You need to be part of the world and you need to have that interplay going on to be able to keep the wheels greased. I think it’s a nice thing to learn, and in a lot of ways, we’ve distanced ourselves from each other more than ever, in terms of having to do things on Zoom.
At the same time, I think there was a really humbling thing that happened where I realised that no man is an island. I can’t just will these things out of the abyss. I need to be part of the world and interact with it to be able to get stuff out.
You have a US, UK and European My Boy tour planned. Are you excited?
Yeah, I am. I’ve just finished a tour with Lorde over in Europe and that was so exciting. I felt like I’d never been overseas before. I felt like I was 18 going on my big OE. The novelty was back, and just the joy of being able to do what I do as a musician. The thankfulness and the gratitude of being able to travel as my way of life.
Moreover, in this tour, I’ll be playing all the songs off my new record, and I’ll be with my band who I haven’t played with and haven’t seen for three years.
So there’s so much to celebrate. There are so many reconnections to make and so much shared joy to take to Europe and to America. I’m extremely excited at the opportunity while also weary because I’ve had all this time alone at home and I’ve relearned the value of what that is.
That time, even when you’re on tour, moves forward, and you miss things. There’s a whole world that is waiting for you that is yours to go back to.

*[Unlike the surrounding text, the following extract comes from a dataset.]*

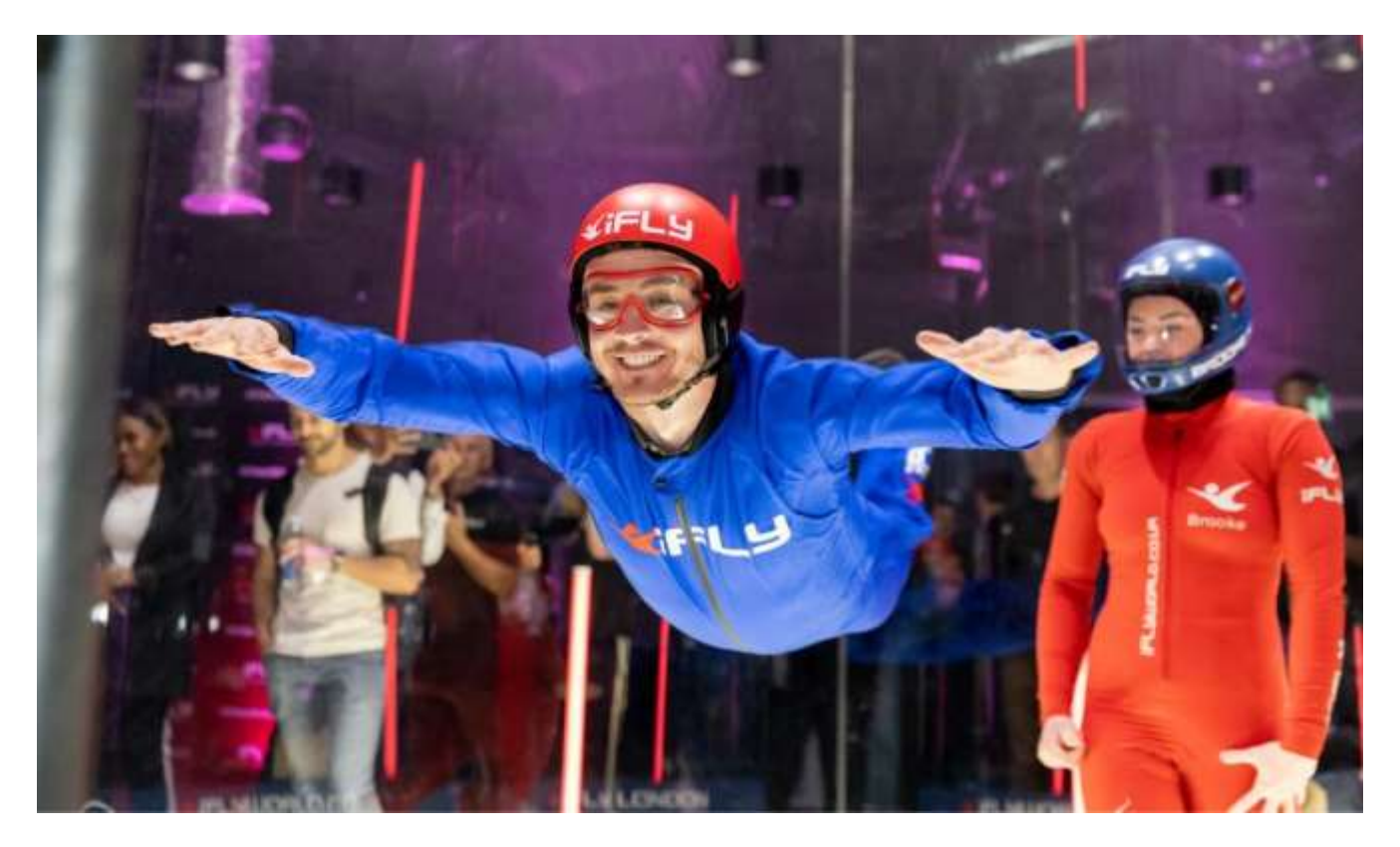
iFLY London at The O2 is where the dream of flight becomes a reality.

An unforgettable sensation of flying awaits you at iFLY London Indoor Skydiving at The O2. Replicating the exact experience of freefall, budding daredevils can experience the joy of human flight without so much as a parachute – and all just 15 minutes from Central London.

I’m just super excited to be able to get back out and do what I do best.
What has been your best onstage experience ever?
The peaks just keep extending and getting higher and higher. I’ve had my best moments, and then something else happens and it blows me away again. Honestly, the best moments happen when something ‘clicks’.
I remember there was one moment I was playing at a wedding with my friend Delaney Davidson. It was a friend’s wedding and this was the longest gig either of us had ever played. I think we were up to about five and a half hours into playing this one show. We ran out of songs, and started going back to the set again after five hours.
It was some sort of meditative transcendental moment of this tribal thing where we were in tune with each other by that point. We weren’t looking at each other, and we would just go into another song. It felt like pure magic. You both know exactly what the other one’s going to do and there was no awkwardness of bumping into each other.
You’re just completely locked in and speak it really as one. To use a cliche: you’re as one organism. I’ve had a few of those moments, but that was the kind of thing that is greater than any other on stage. It’s that shared experience with another person.
What is your definition of success?
My definition of success is aligning what makes you happy with the betterment and the well-being of people you love around you.
I think success is an alignment problem. It’s not about reaching certain peaks. It’s not about winning a Grammy or anything or making a certain amount of money. It’s burning the wood well. It’s doing what makes you happy and gives you fulfillment.
Other than My Boy being released and its US, UK and European tour, what other plans do you have for the future?
I want to get more into my Māori studies and I want to become somewhat fluent in being able to converse and think Māori. Just continuing to be curious and allowing myself the space to feel that curiosity and make it workable and make it practical as a way of living.
But I just want to be able to follow my nose without being interrupted by things that don’t matter.